:: WHAT TO DO ::
Quote, exactly, the line holding "Kvinna bärandes pälsjacka, bilden" and all lines after it to the end of the records below. Exclude pictures.

:: RECORDS SUPPLIED ::
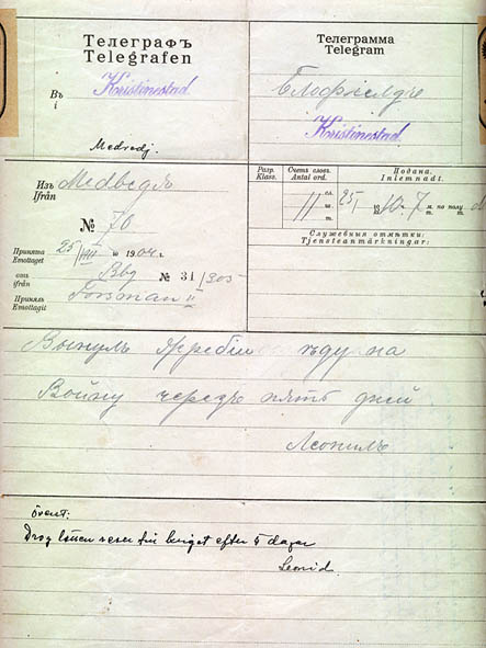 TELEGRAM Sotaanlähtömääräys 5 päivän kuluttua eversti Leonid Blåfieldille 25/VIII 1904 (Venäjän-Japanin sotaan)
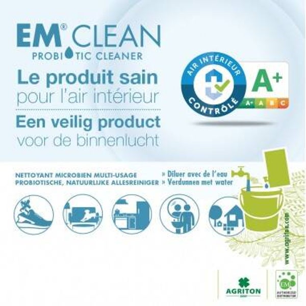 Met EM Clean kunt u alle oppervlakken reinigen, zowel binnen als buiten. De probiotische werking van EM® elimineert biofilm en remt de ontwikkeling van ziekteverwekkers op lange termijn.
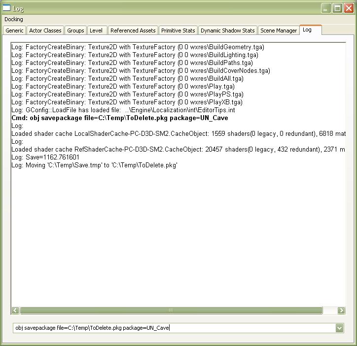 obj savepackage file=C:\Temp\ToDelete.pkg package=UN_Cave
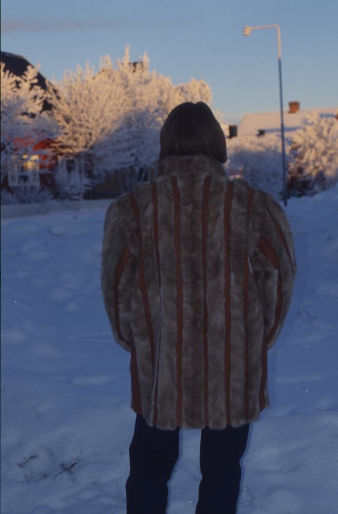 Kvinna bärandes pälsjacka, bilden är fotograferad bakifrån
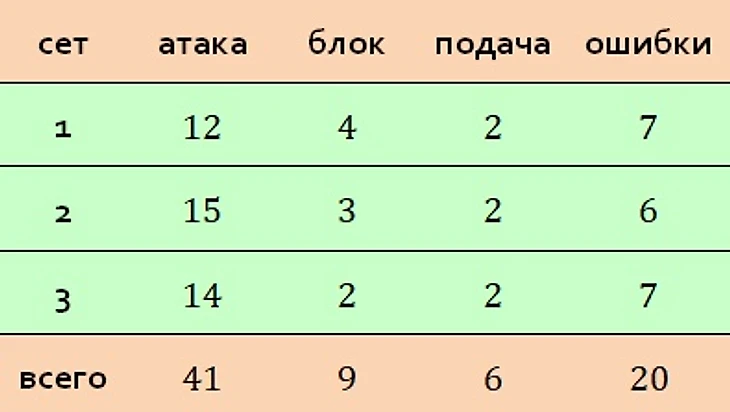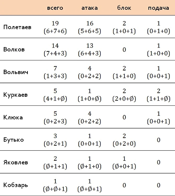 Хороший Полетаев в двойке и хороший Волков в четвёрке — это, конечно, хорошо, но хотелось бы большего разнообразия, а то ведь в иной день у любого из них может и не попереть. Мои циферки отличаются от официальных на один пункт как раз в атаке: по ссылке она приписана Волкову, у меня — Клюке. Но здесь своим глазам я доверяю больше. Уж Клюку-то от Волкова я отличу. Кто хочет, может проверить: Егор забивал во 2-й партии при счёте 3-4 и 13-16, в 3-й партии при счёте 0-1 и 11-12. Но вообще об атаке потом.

:: REPLY ::
 Kvinna bärandes pälsjacka, bilden är fotograferad bakifrån
 Хороший Полетаев в двойке и хороший Волков в четвёрке — это, конечно, хорошо, но хотелось бы большего разнообразия, а то ведь в иной день у любого из них может и не попереть. Мои циферки отличаются от официальных на один пункт как раз в атаке: по ссылке она приписана Волкову, у меня — Клюке. Но здесь своим глазам я доверяю больше. Уж Клюку-то от Волкова я отличу. Кто хочет, может проверить: Егор забивал во 2-й партии при счёте 3-4 и 13-16, в 3-й партии при счёте 0-1 и 11-12. Но вообще об атаке потом.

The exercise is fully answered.